- _TASK DIRECTIONS_
What's needed is an exact retyping of the lines from the start of the listing up to and including the line with "The creeping dread", minus any pictures.

- _DATA EXCERPTS_
····················
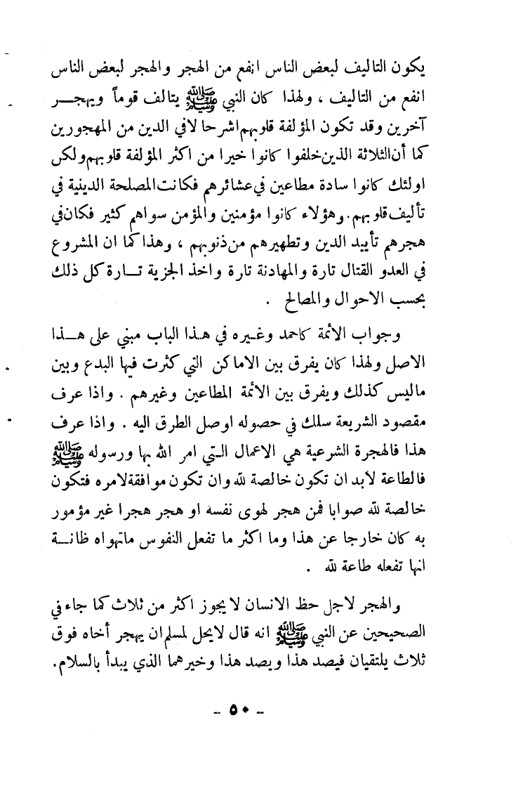 ولهذا كان النبي - صلى الله عليه وسلم - يتألف قوما ويهجر قوما آخرين، وقد تكون المؤلفة قلوبهم أشر حالا في الدين من المهجورين، كما أن الثلاثة الذين خلفوا كانوا خيرا من أكثر المؤلفة قلوبهم ولكن أولئك كانوا سادة مطاعين في عشائرهم فكانت المصلحة الدينية في تأليف قلوبهم. وهؤلاء كانوا مؤمنين، والمؤمنون سواهم كثير فكان في هجرهم تأييد الدين وتطهيرهم من ذنوبهم، وهذا كما أن المشروع في العدو القتال تارة والمهادنة تارة وأخذ الجزية تارة، كل ذلك بحسب الأحوال والمصالح.
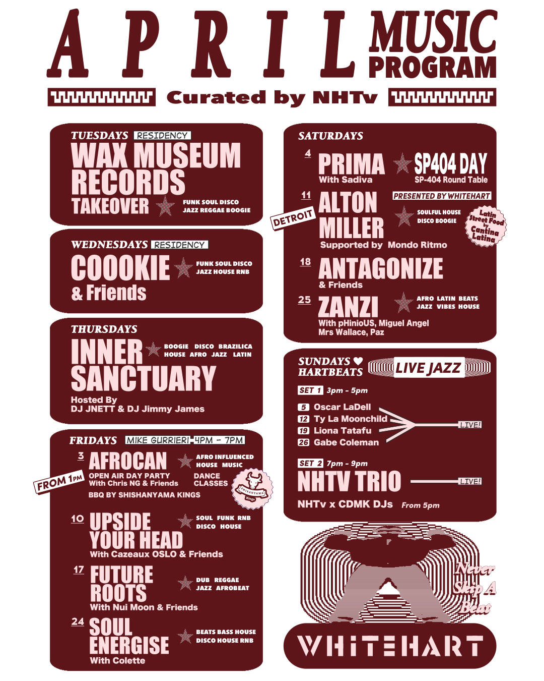 The creeping dread of Monday is a savage beast, but we’ve built a sanctuary in the concrete guts of Whitehart Lane. Welcome to HARTBEATS. Every Sunday this April, we’re drowning out the madness of the outside world with an unrelenting tidal wave of live jazz.
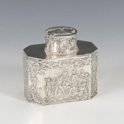 Pair of silver candlesticks in relief. Adam Manns & Sohn, Doernigheim.
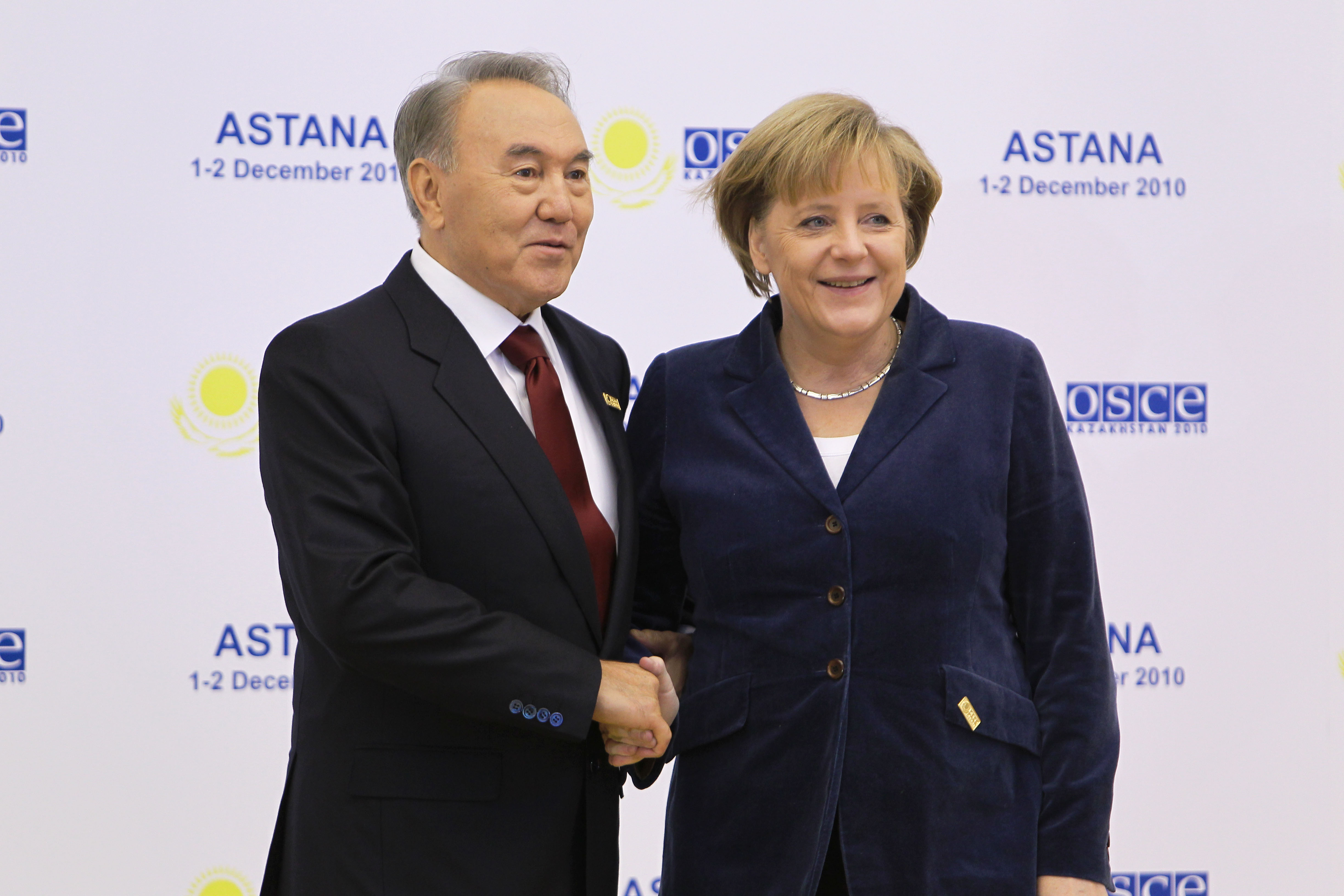 Angela Merkel, Federal Chancellor of Germany, is greeted by Kazakhstan’s President Nursultan Nazarbayev at the opening of the OSCE Summit in Astana, 1 December 2010.
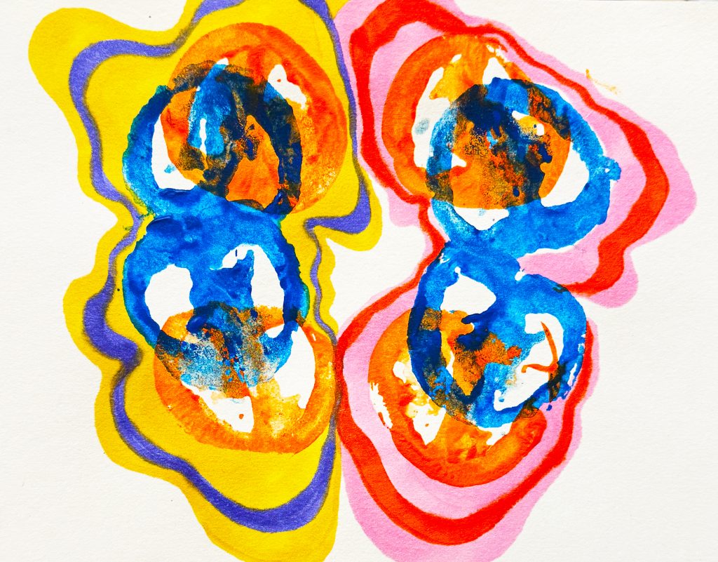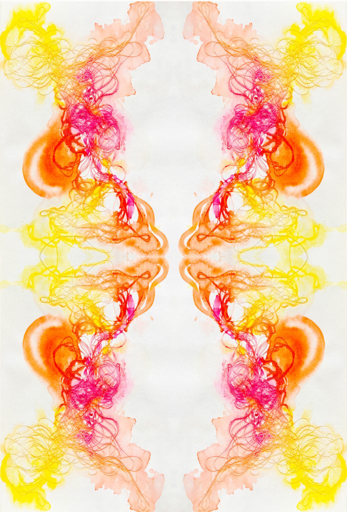 [Symmetric Flowers, using yellow ink as base, print marks with water colors.]
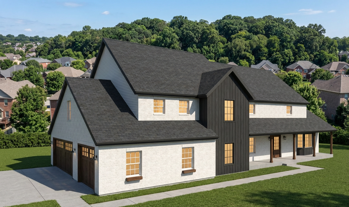 make the back porch have only 2 corner posts all other posts on the porch can be removed make the 2 corner posts a combination of brick at the base and then nice carpentry stained wood remove the wood door on the porch make black wrought iron railings for the sides of the porch create a step down to the lawn from the porch
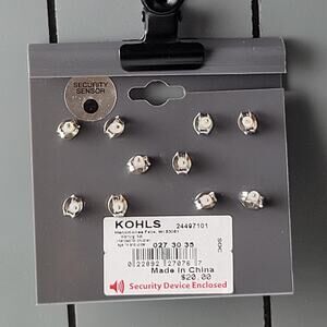 Beautiful multi-set earrings by Occasion featuring 5 pairs in varying styles: studs, hoops, and drop earrings. Each pair is adorned with clear faux crystals, perfect for any outfit or event. New on the original card.
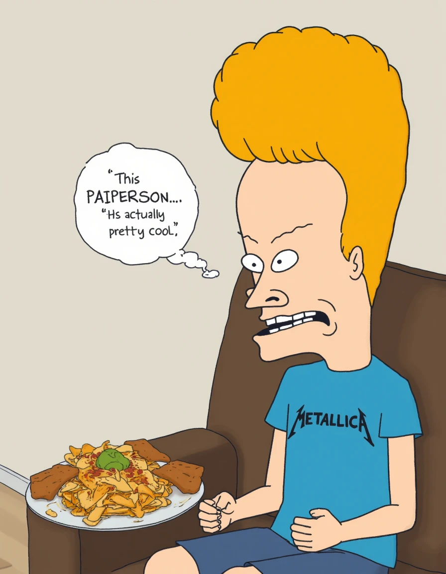The first animated character I'm putting up here, after several go throughs this one works well and even has Cornholio in it. Trained from more recent more high quality Beavis and Butt-head. This one works for what I need but if there's interest I think I can make one that will have a more 90s feel to it.
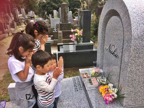 大勢でやって来て、訳もわからず お墓に手を合わせる姿は、本当に可愛い。
····················
- _FINISHED TASK_
 ولهذا كان النبي - صلى الله عليه وسلم - يتألف قوما ويهجر قوما آخرين، وقد تكون المؤلفة قلوبهم أشر حالا في الدين من المهجورين، كما أن الثلاثة الذين خلفوا كانوا خيرا من أكثر المؤلفة قلوبهم ولكن أولئك كانوا سادة مطاعين في عشائرهم فكانت المصلحة الدينية في تأليف قلوبهم. وهؤلاء كانوا مؤمنين، والمؤمنون سواهم كثير فكان في هجرهم تأييد الدين وتطهيرهم من ذنوبهم، وهذا كما أن المشروع في العدو القتال تارة والمهادنة تارة وأخذ الجزية تارة، كل ذلك بحسب الأحوال والمصالح.
 The creeping dread of Monday is a savage beast, but we’ve built a sanctuary in the concrete guts of Whitehart Lane. Welcome to HARTBEATS. Every Sunday this April, we’re drowning out the madness of the outside world with an unrelenting tidal wave of live jazz.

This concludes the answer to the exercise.